### Directions for this task
Scan the material below for the string "more", and copy every line where it shows up.

### Exercise data
*-*-*
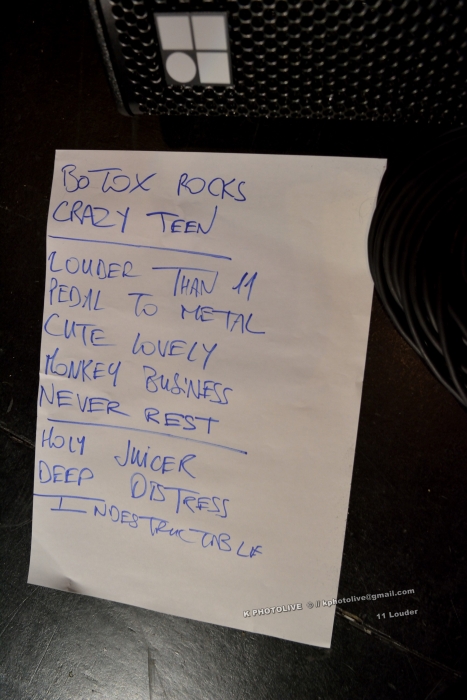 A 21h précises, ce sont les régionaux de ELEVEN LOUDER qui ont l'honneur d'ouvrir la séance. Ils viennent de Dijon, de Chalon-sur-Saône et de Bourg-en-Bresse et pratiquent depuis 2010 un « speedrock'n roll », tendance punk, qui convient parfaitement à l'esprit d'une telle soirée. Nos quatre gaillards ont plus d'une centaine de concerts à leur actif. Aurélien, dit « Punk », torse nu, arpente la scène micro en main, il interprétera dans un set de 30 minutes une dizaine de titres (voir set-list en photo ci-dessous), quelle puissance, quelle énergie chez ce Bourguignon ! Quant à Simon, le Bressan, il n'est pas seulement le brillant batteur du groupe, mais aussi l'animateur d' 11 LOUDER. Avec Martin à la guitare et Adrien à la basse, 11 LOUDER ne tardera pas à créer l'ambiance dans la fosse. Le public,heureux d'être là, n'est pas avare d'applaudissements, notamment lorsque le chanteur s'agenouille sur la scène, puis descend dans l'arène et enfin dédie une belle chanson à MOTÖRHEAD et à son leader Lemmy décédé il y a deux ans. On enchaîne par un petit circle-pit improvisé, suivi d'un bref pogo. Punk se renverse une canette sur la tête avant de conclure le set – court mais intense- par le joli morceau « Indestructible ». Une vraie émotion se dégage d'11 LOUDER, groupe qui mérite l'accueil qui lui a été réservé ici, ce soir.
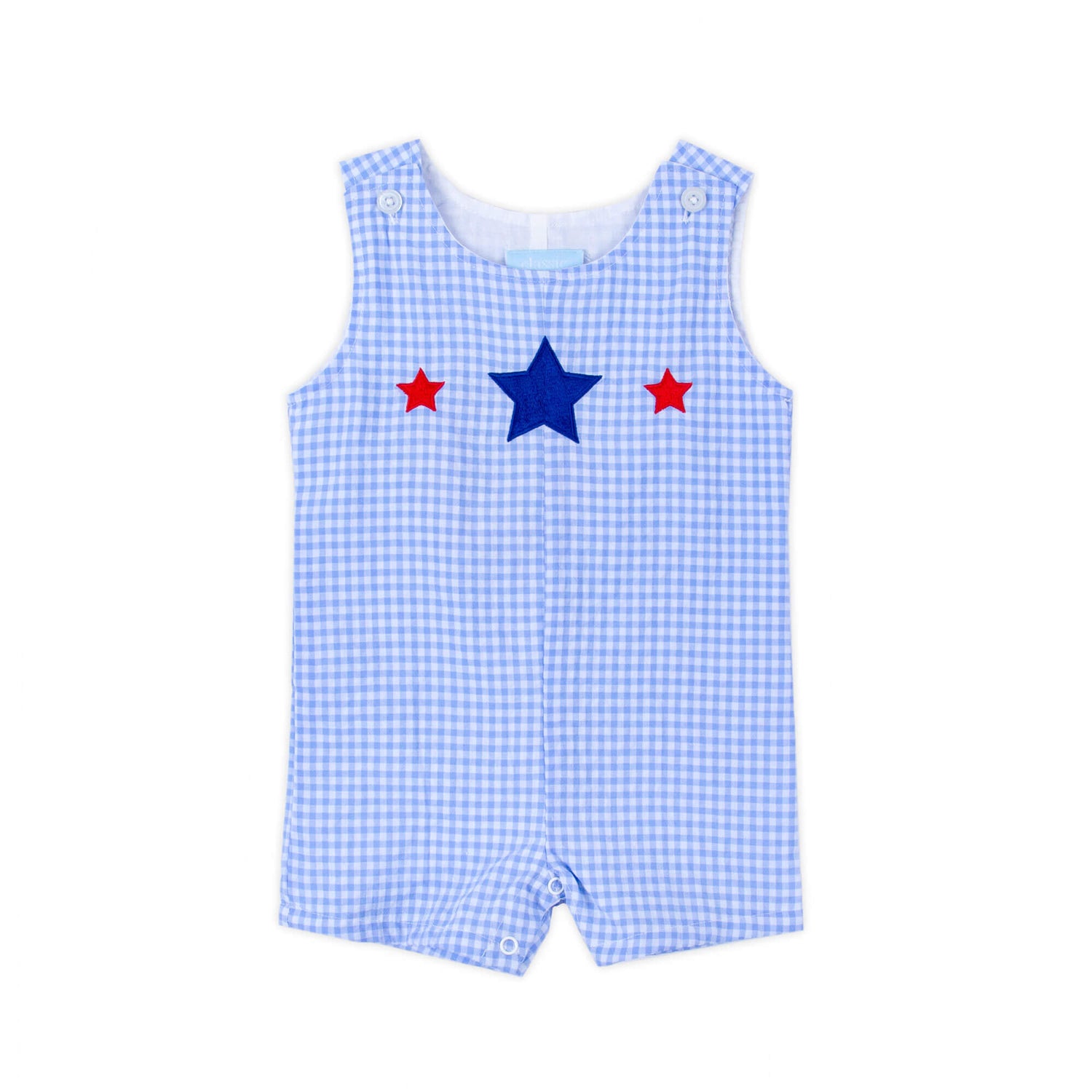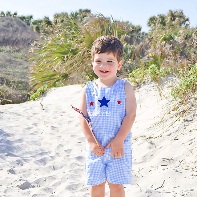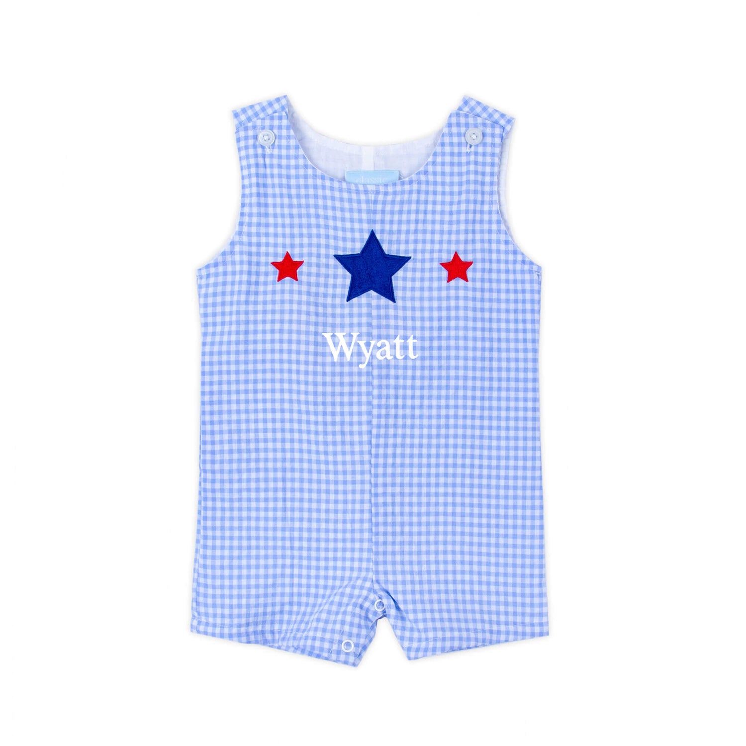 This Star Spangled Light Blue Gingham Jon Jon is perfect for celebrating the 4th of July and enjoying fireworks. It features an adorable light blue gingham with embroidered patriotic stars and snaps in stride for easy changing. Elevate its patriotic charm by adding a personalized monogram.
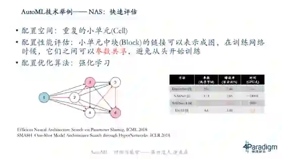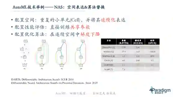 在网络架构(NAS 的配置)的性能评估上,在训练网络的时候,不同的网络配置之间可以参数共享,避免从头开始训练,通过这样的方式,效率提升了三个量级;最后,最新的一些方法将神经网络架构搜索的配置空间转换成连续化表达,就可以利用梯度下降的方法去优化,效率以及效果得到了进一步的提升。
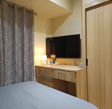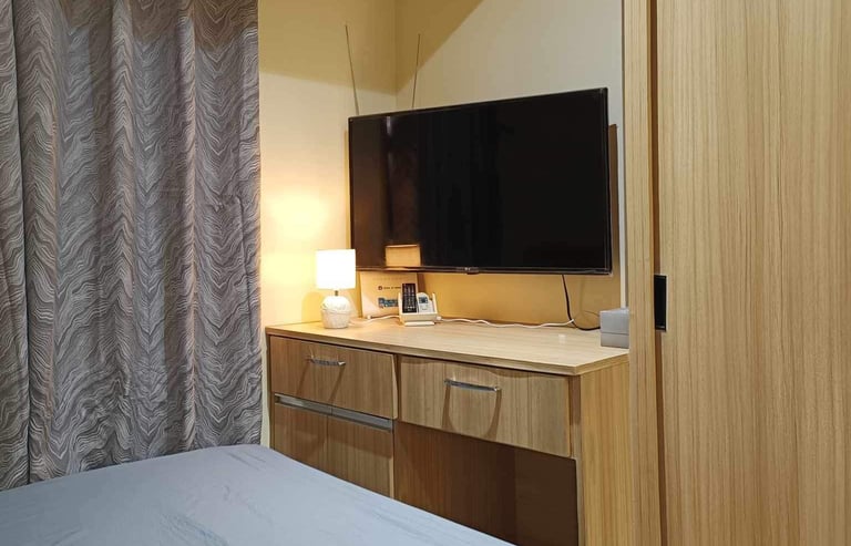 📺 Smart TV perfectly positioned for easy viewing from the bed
*-*-*
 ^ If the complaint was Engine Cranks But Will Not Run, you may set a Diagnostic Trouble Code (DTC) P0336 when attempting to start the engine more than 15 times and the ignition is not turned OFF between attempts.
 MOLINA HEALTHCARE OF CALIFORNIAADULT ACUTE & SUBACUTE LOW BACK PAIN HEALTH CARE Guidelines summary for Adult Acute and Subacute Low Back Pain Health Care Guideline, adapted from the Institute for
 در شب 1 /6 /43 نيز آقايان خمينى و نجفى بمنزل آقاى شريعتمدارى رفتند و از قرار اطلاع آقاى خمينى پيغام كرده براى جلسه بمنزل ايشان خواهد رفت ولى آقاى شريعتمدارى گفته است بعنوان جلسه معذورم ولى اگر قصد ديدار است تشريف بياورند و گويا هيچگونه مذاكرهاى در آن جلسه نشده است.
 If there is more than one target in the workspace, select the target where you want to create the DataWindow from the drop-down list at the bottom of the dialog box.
*-*-*
### Task output
 ^ If the complaint was Engine Cranks But Will Not Run, you may set a Diagnostic Trouble Code (DTC) P0336 when attempting to start the engine more than 15 times and the ignition is not turned OFF between attempts.
 If there is more than one target in the workspace, select the target where you want to create the DataWindow from the drop-down list at the bottom of the dialog box.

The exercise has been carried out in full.